Action item:
The material below holds pictures; leave them out and reproduce exactly the lines from the one with "The Bite Back" through the one with "측면 주류매대를 살펴보니", inclusive.

Input records:
════════

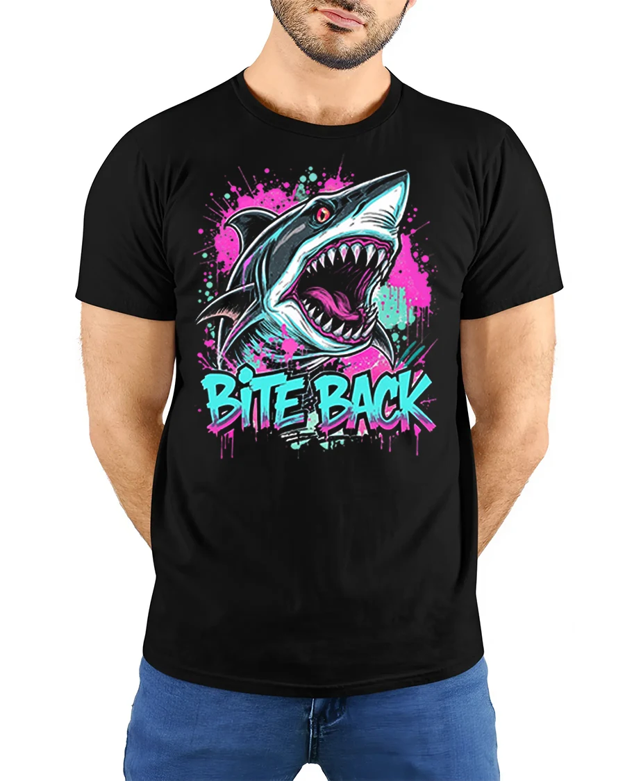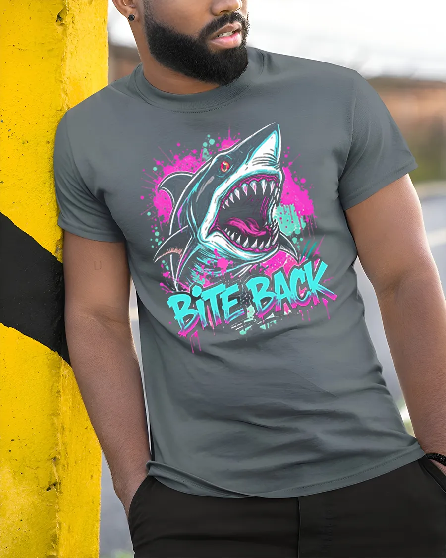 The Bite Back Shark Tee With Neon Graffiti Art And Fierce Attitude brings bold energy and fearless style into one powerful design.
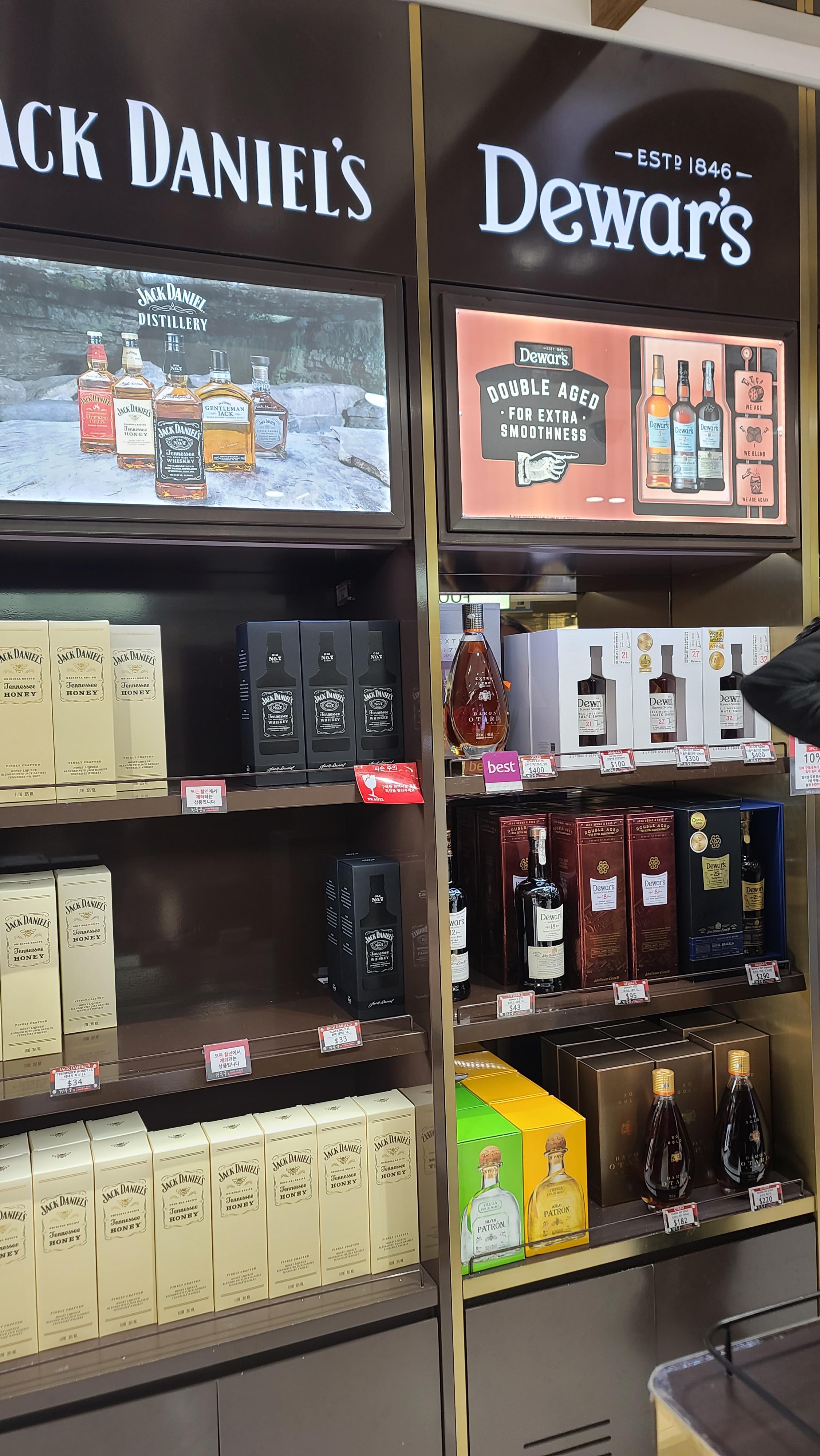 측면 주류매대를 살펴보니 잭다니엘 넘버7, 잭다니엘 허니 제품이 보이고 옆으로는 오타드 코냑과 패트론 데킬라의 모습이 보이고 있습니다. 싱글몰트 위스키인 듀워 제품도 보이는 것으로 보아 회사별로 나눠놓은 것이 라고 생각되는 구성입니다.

════════

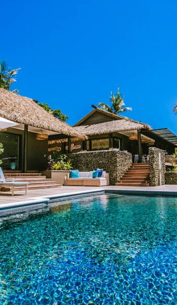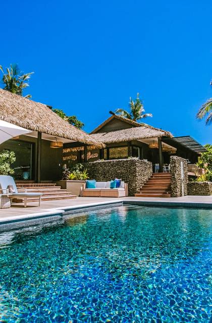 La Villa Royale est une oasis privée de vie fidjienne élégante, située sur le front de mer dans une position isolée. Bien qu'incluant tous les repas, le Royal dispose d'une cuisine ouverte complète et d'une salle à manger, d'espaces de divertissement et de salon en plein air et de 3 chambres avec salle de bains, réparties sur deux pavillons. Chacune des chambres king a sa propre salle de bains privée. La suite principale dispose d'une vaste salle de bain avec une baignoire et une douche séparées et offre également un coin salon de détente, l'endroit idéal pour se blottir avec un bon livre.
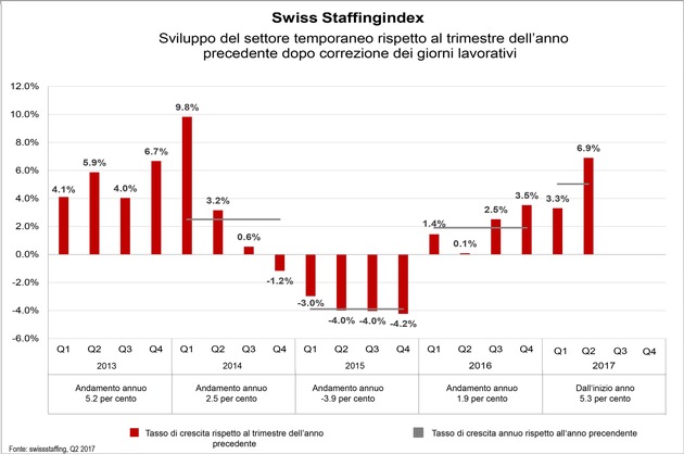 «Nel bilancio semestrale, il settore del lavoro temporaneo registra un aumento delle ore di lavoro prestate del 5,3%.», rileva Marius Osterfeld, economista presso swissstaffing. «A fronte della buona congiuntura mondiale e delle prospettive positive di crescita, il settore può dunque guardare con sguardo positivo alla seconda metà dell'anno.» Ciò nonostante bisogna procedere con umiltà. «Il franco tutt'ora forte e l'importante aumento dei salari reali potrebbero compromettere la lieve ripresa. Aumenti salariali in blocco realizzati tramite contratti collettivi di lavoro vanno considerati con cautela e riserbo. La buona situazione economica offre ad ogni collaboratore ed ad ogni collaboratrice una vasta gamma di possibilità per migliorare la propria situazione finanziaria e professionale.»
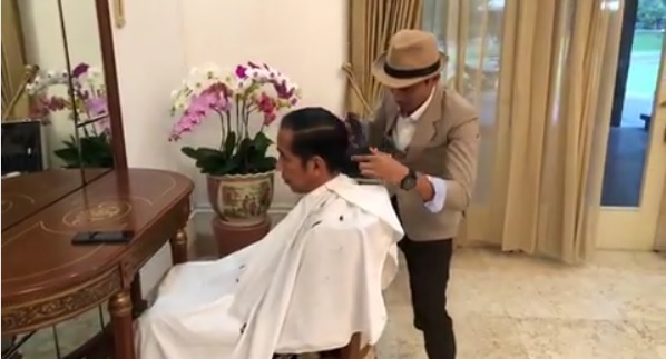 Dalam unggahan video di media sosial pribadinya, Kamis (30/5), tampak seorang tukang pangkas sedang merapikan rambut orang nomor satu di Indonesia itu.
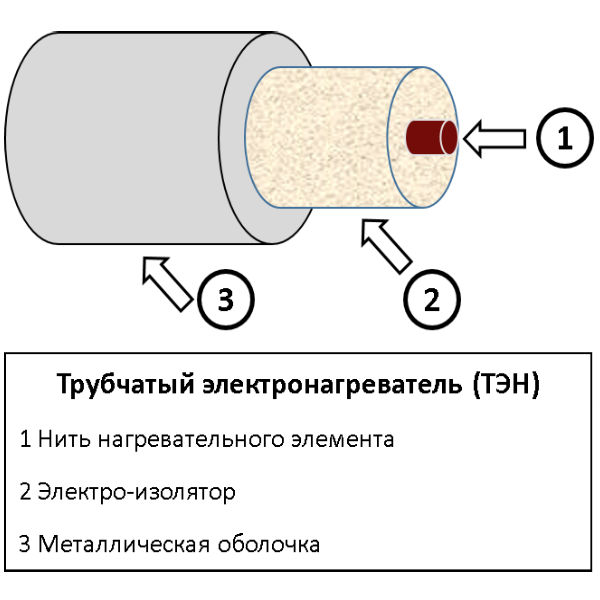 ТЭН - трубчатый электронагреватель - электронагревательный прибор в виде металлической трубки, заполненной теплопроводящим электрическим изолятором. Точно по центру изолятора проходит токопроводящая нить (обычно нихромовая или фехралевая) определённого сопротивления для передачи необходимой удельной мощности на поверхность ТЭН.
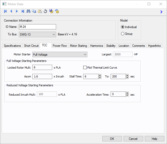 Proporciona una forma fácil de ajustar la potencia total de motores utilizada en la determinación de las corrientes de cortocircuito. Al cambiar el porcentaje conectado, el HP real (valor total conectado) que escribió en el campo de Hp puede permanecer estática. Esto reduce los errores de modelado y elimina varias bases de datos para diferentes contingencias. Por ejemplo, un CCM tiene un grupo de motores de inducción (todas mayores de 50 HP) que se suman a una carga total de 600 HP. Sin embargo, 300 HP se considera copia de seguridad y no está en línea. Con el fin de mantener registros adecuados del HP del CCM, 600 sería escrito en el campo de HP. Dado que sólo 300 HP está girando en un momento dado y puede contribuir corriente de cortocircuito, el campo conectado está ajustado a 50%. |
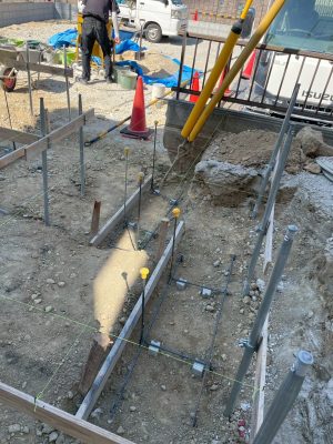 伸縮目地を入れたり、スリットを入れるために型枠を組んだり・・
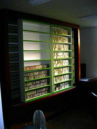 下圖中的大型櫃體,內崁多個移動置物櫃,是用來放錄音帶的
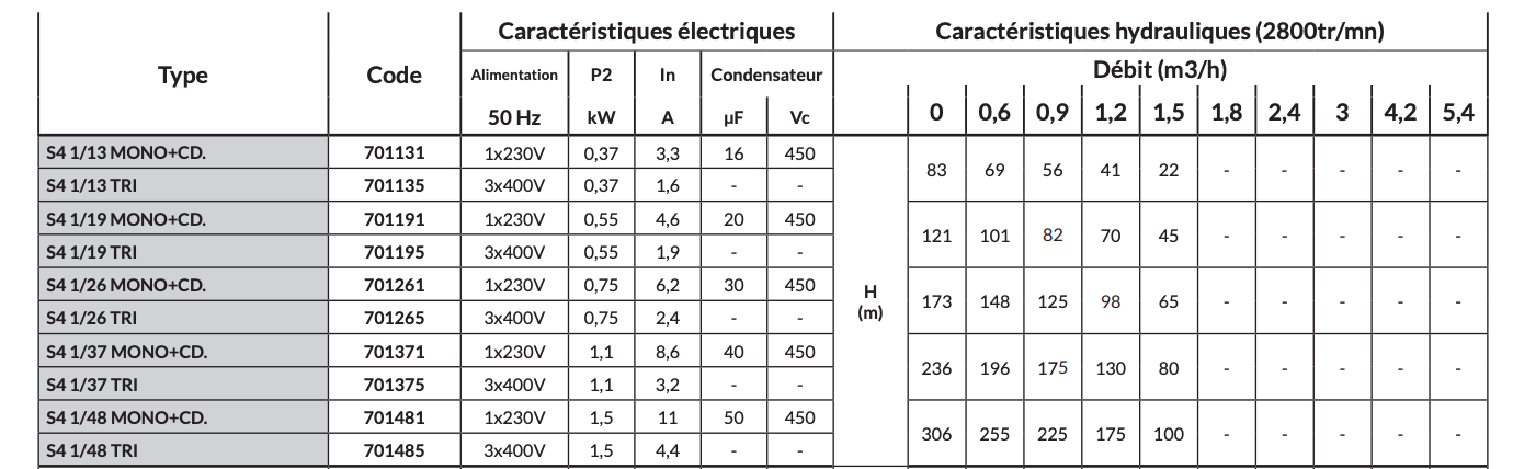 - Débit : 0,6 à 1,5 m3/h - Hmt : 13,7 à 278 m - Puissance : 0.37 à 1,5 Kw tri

════════

Finished exercise:
 The Bite Back Shark Tee With Neon Graffiti Art And Fierce Attitude brings bold energy and fearless style into one powerful design.
 측면 주류매대를 살펴보니 잭다니엘 넘버7, 잭다니엘 허니 제품이 보이고 옆으로는 오타드 코냑과 패트론 데킬라의 모습이 보이고 있습니다. 싱글몰트 위스키인 듀워 제품도 보이는 것으로 보아 회사별로 나눠놓은 것이 라고 생각되는 구성입니다.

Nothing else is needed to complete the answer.